Lynn’s commitment to broadening access to
education has also led to a number of international
connections with students and academics from all
over the world, creating opportunities for students
across the globe to experience Oxford-based learning.
Having grown the Visiting Students’ Programme
since taking over as its director in 2007, Lynn recently
helped establish the Oxford Prospects Programme,
encompassing exchange possibilities for students
between Oxford and China as well as summer
programmes, pedagogical training for teachers and
educators (particularly in matters of welfare) and an
international writing centre.
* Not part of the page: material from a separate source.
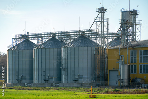 A large modern plant for the storage and processing of grain crops. view of the granary on a sunny day. Large iron barrels of grain. silver silos on agro manufacturing plant for processing and drying
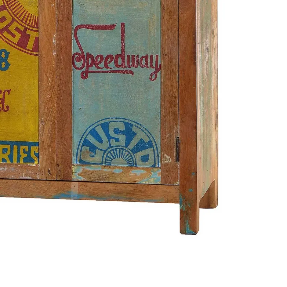 - Lackierte, pflegeleichte Oberfläche, Fronten mit Schriftzügen im Design von alten Werbungen

Developing relationships
with others seems to come naturally to Lynn, and this
is patently obvious to anyone who has been fortunate
enough to work closely with her in any of her various
roles within the College.
As well as her commitments to teaching, welfare,
admissions and a number of other aspects of College
life, Lynn is also an innovative researcher, making full
use of her periods of research leave to make exciting
in-roads into new areas of the field of early modern
literary studies. A common thread throughout her
research and teaching is Lynn’s interest in looking
at literature in new ways, with particular attention
to what happens to literature in performance: she
plays an active role in developing new ways of looking
at literature in her undergraduate teaching, on the
Master of Studies Course in Women’s Studies, and in
the work she continues to do for the Department for
Continuing Education. Lynn’s undergraduate students
at the College benefit from her investment in literature
coming alive off the page, too: for many years she
has convinced them of the merits of seeing drama
in performance, making regular trips to Stratford
and London to see Shakespeare’s (and others’) plays
onstage, and even setting up a College fund to off-set
the costs of her students experiencing literature in
this way.
In writing this article, as when writing any of the
many things I write on a daily basis as an early career
academic, I have in the back of my mind what the person I have called
variously over the last decade a teacher, scholar, co-interviewer, colleague
and friend – and am now delighted to call a Fellow of Regent’s Park College
– might make of the words emerging onto the page in front of me. I think,
in the characteristic way that Lynn is often heard making light of the huge
impact she has had and continues to have on the lives of her students,
colleagues and the College, she might say that all of these things for which
she is so rightly celebrated – pastoral care and emotional intelligence,
solidarity and cooperation with colleagues, commitment to those who have
not been among the most privileged in society – are really just part of what it
means to be a good reader.
Dr Marchella Ward read Classics and English (2009) at the College, before
pursuing postgraduate studies at St Hilda’s College, Oxford. After a spell as
Access Officer at Regent’s, she became the inaugural Tinsley Outreach Fellow at
Worcester College, Oxford.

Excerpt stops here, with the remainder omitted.